According to the "Solaris Tunable Parameters Reference Manual", you don't want to turn on priority paging if you are running Solaris 8:
"We recommend that all tuning of the VM system be removed from /etc/system. Run with the default settings and determine if it is necessary to adjust any of these parameters. Do not enable priority_paging or adjust cachefree. These are no longer needed, although still present in the kernel. Manipulating them will almost certainly result in performance degradation when the page scanner runs."
This is also mentioned prominently in the Release Notes, in the "Upgrade Issues" section:
The Solaris 8 operating environment introduces a new file system caching architecture, which subsumes the Solaris 7 Priority Paging functionality. You should not set the system variable priority_paging in the Solaris 8 operating environment, and you should remove the variable from the /etc/system file when systems are upgraded to the Solaris 8 operating environment.
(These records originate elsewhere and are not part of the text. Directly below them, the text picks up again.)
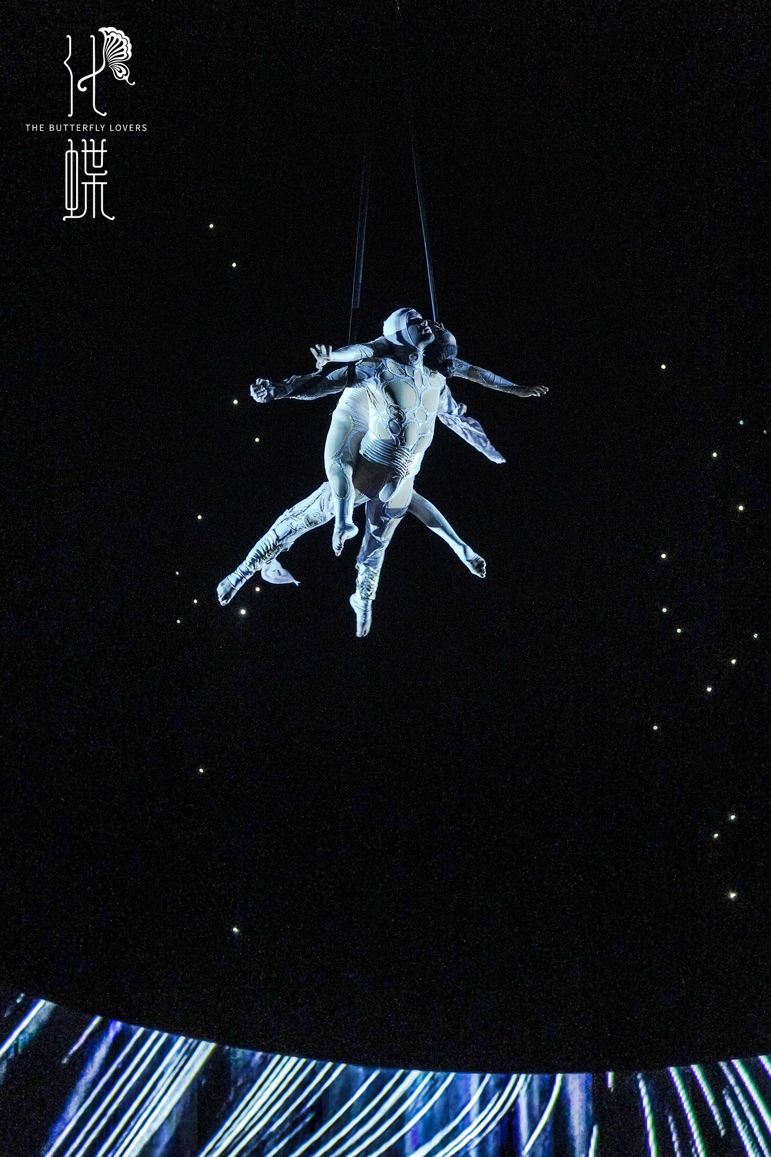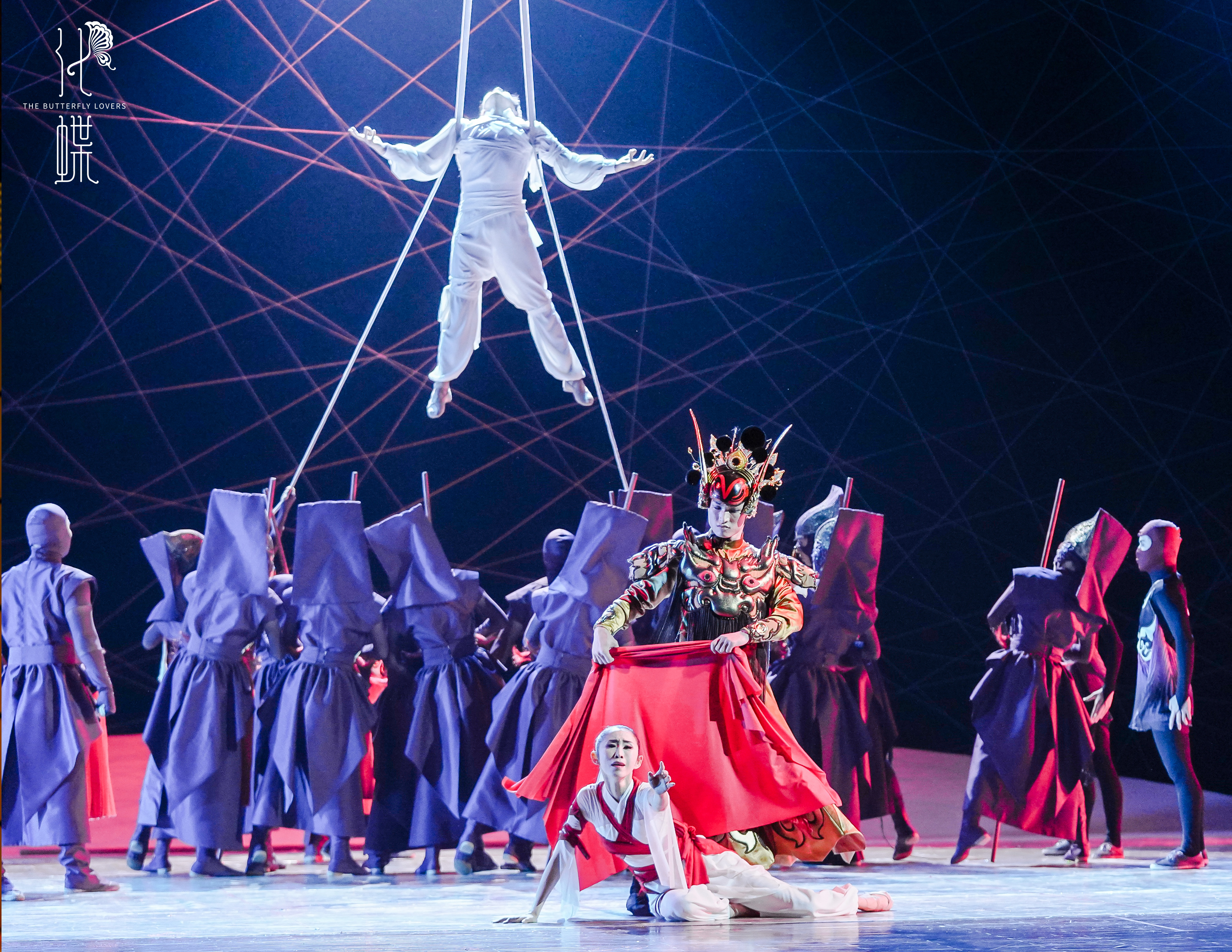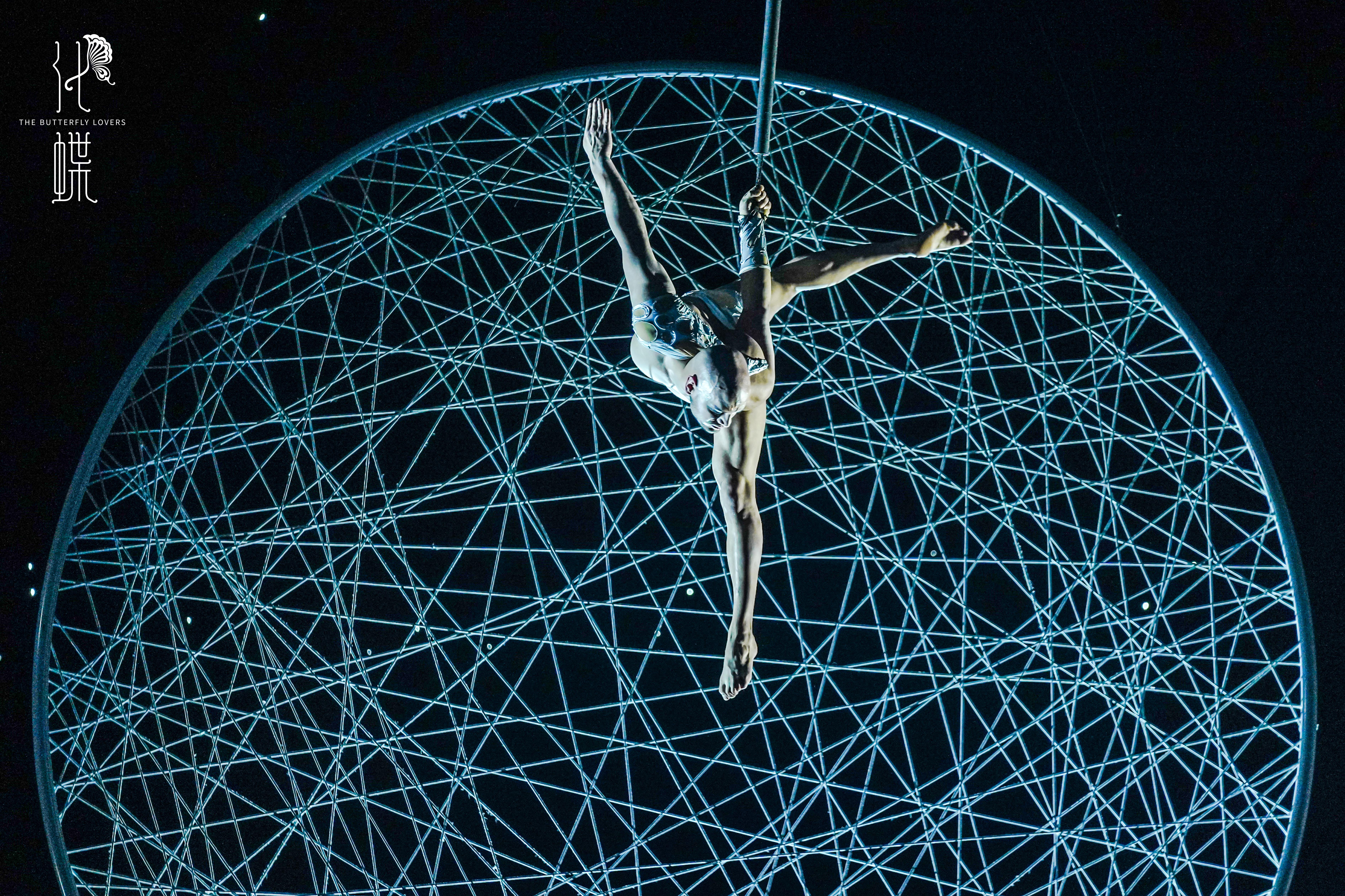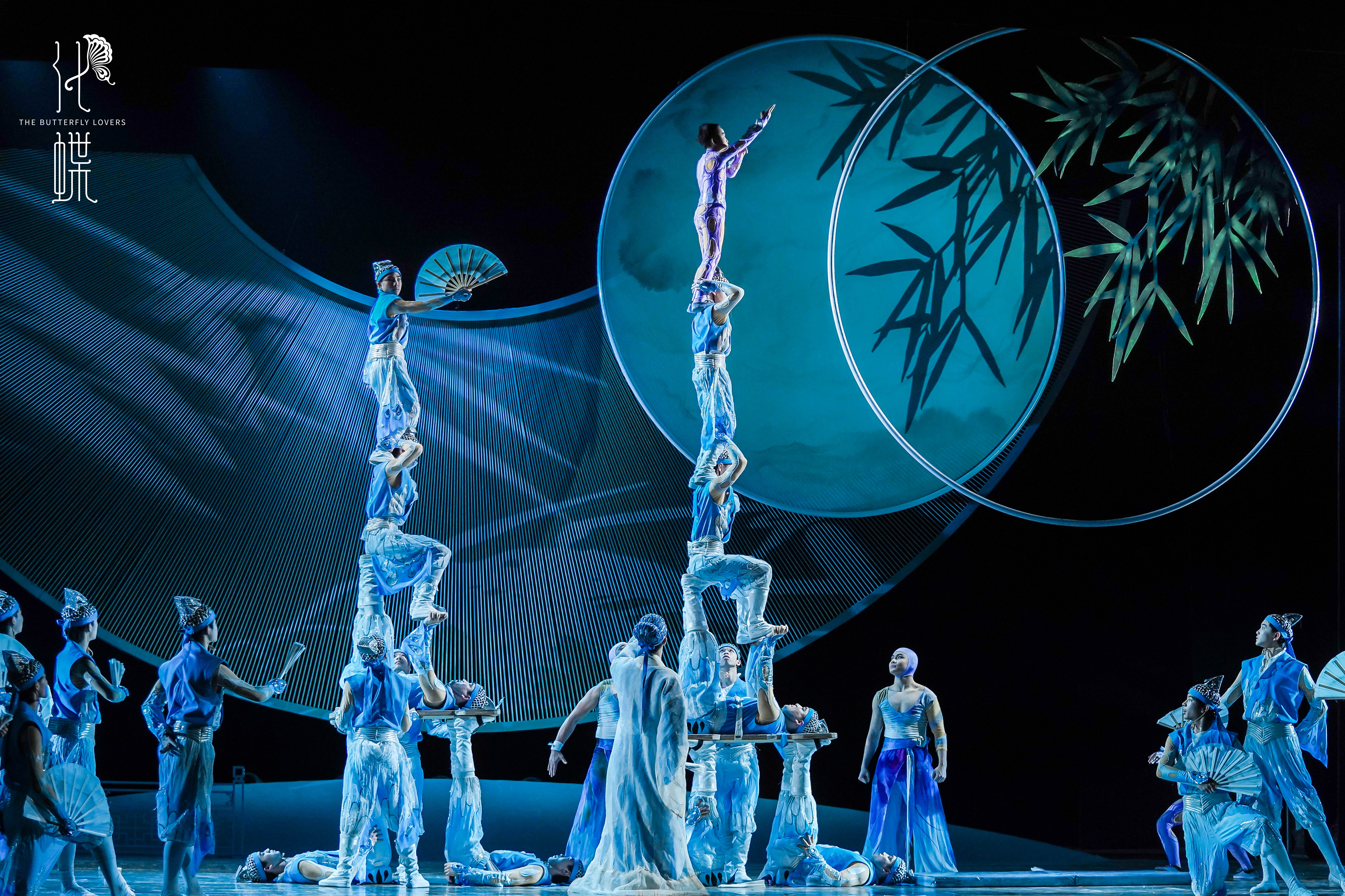 《化·蝶》情節(jié)飽滿,內(nèi)涵豐富,第一幕中梁山伯、祝英臺的出場和相識,皆編排了大量群體節(jié)目。演員們化作一只只栩栩如生的彩蝶,伴隨靈動輕快的音樂,與大氣典雅的舞美意像相配合,通過空竹、軟功、蹬人、蹬傘、球技等數(shù)十種雜技節(jié)目的創(chuàng)新表演,展現(xiàn)閨閣中、書院里的少女柔情、少年爽朗。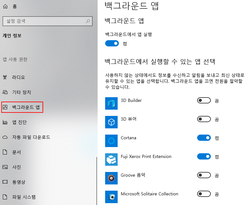 2. [백그라운드 앱]을 선택하면 아래와 같은 화면이 보입니다. 여기서, 필요없는 앱들을 꺼주시면 됩니다.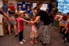 Teachers welcome back students and kindergartners part with their parents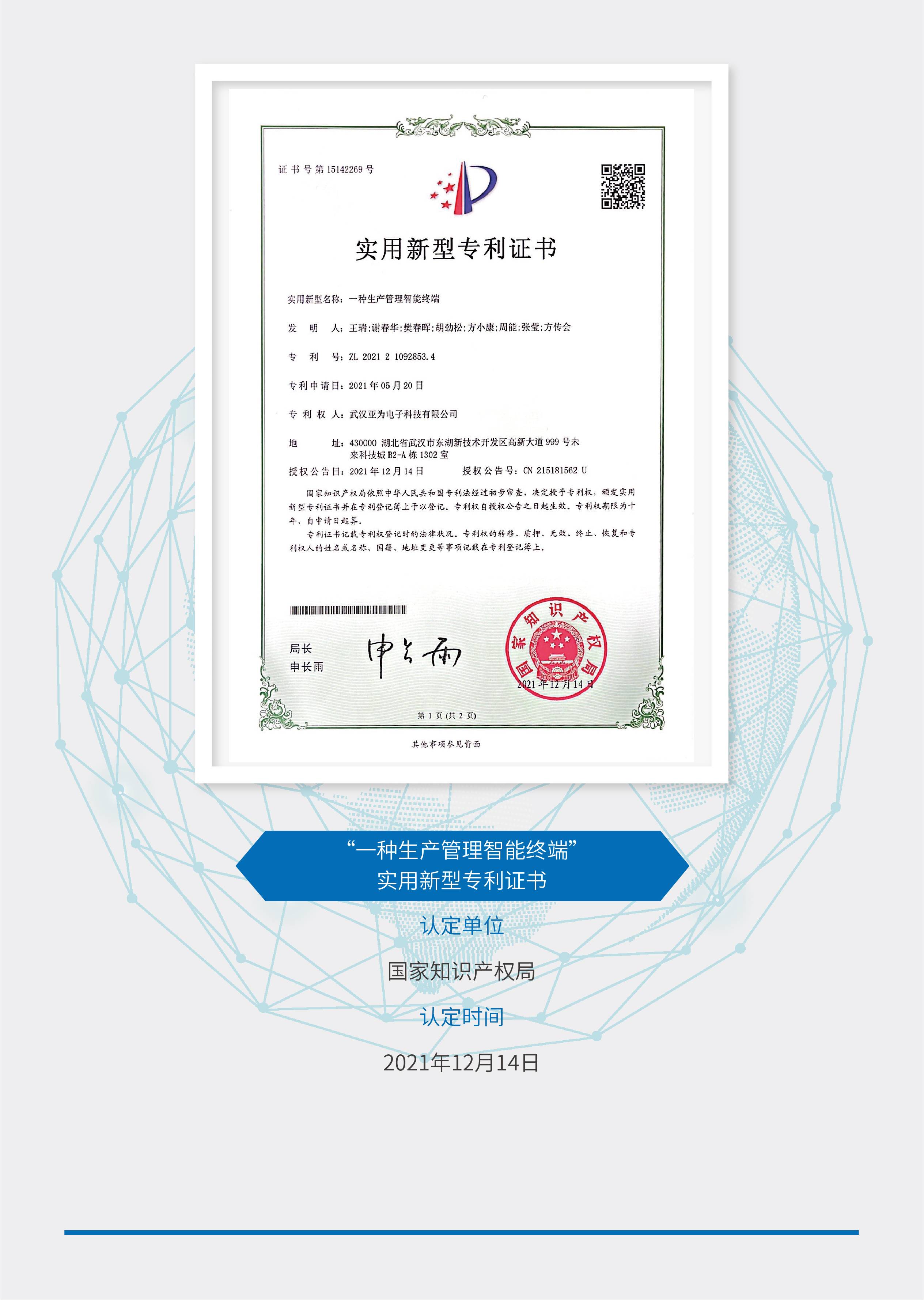 “一種生產(chǎn)管理智能終端” 實(shí)用新型專利證書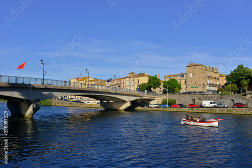 © didier salou, Naklejka premium Agde (34300) en barque sur l'Hérault, département de l'Hérault en région Occitanie, France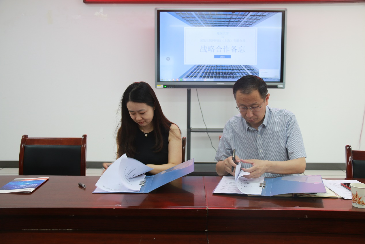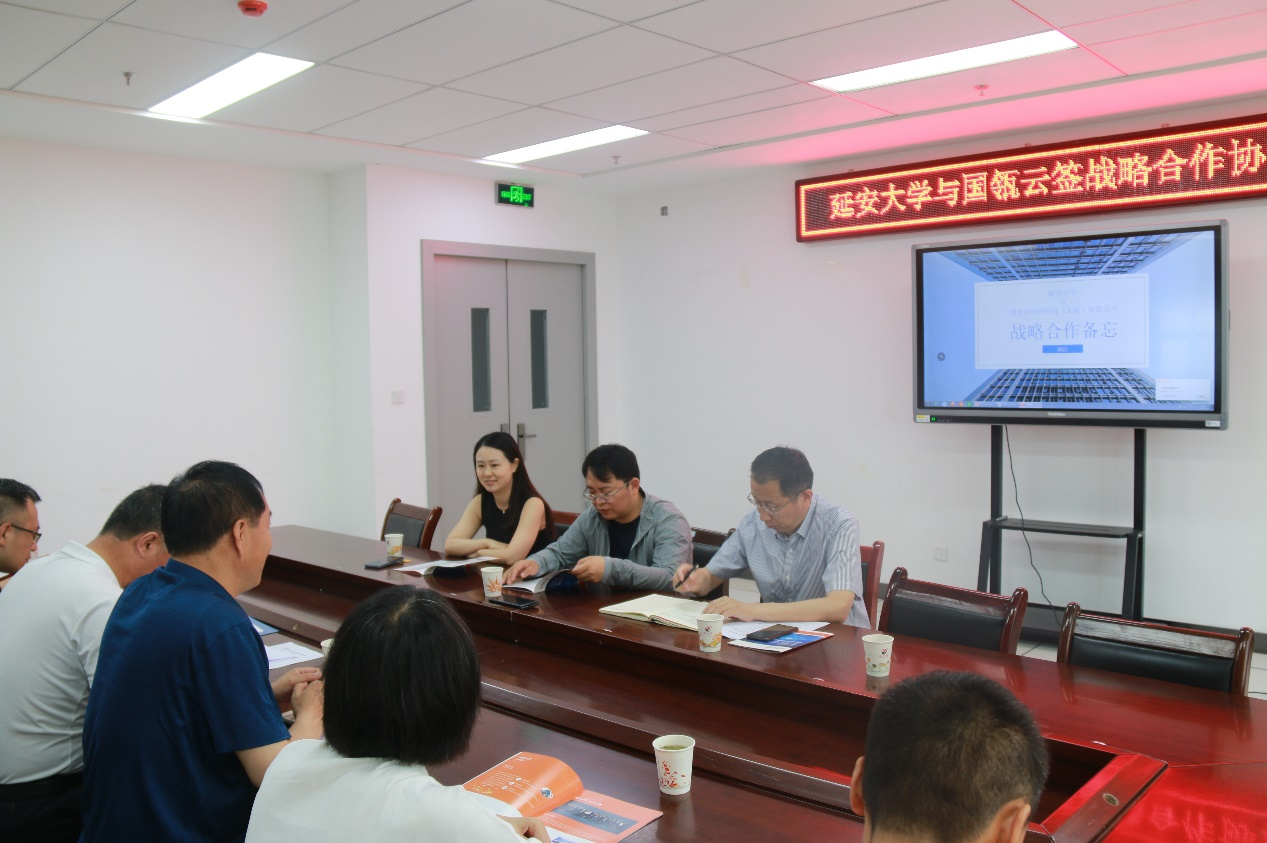 2021年7月2日上午,国瓴互联网科技(上海)有限公司与延安大学战略合作协议签字仪式在延安大学新校区信息大厦6楼数计学院会议室举行,出席签字仪式的有国瓴互联网科技(上海)有限公司-国瓴云签CEO吴玥姝女士、延安大学科研处处长王延峰教授、龙八头号玩家官网副院长马乐荣教授 、数计学院刘翼副院长、龙八头号玩家官网专业负责人田云娜、何进荣、田原和数国瓴云签系统维护的学生代表李鹏翼等30多人,仪式由数计学院院长王文发教授主持。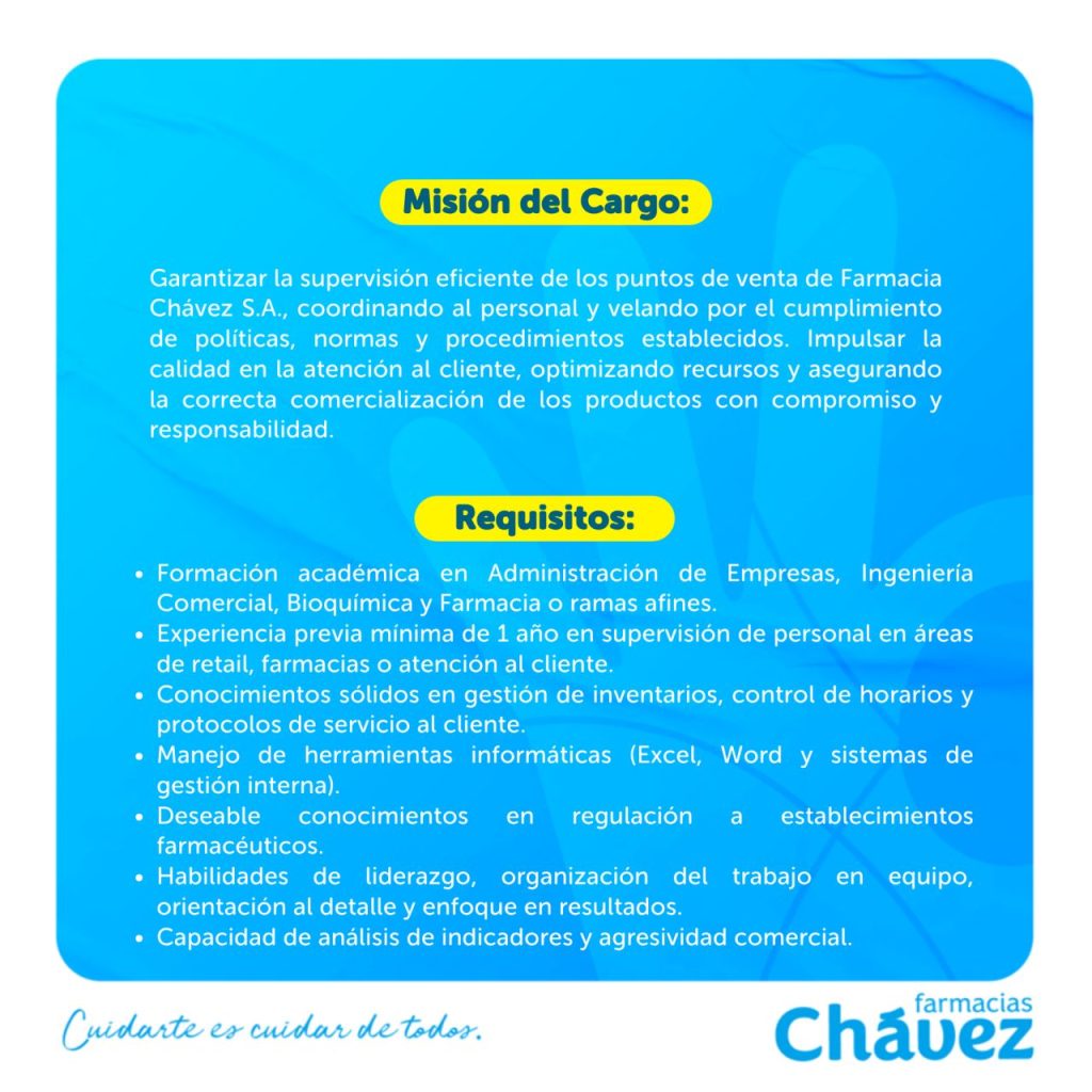 En Farmacias Chávez, con más de 37 años de trayectoria y liderazgo en retail farmacéutico, buscamos un Supervisor Operativo que quiera crecer junto a una empresa certificada como uno de los mejores lugares para trabajar en Bolivia.

The new caching architecture removes most of the pressure on the virtual memory system that resulted from file system activity. As a result, the new caching architecture changes the dynamics of the memory paging statistics, which makes observing system memory characteristics simpler. However, several of the statistics report significantly different values. You should consider these differences when analyzing memory behavior or setting performance monitoring thresholds. The most notable differences are:
The number of page reclaims is higher, which you should consider normal operation during heavy file system activity. The amount of free memory is higher because the free memory count now includes a large component of the file system cache. Scan rates are almost zero unless there is a shortage of system-wide available memory. Scanning is no longer used to replace the free list during normal file system I/O. ----------------------------------------------------------------------------
So, if you are running Solaris 2.6 or 7, by all means turn on priority paging, but don't use it with Solaris 8.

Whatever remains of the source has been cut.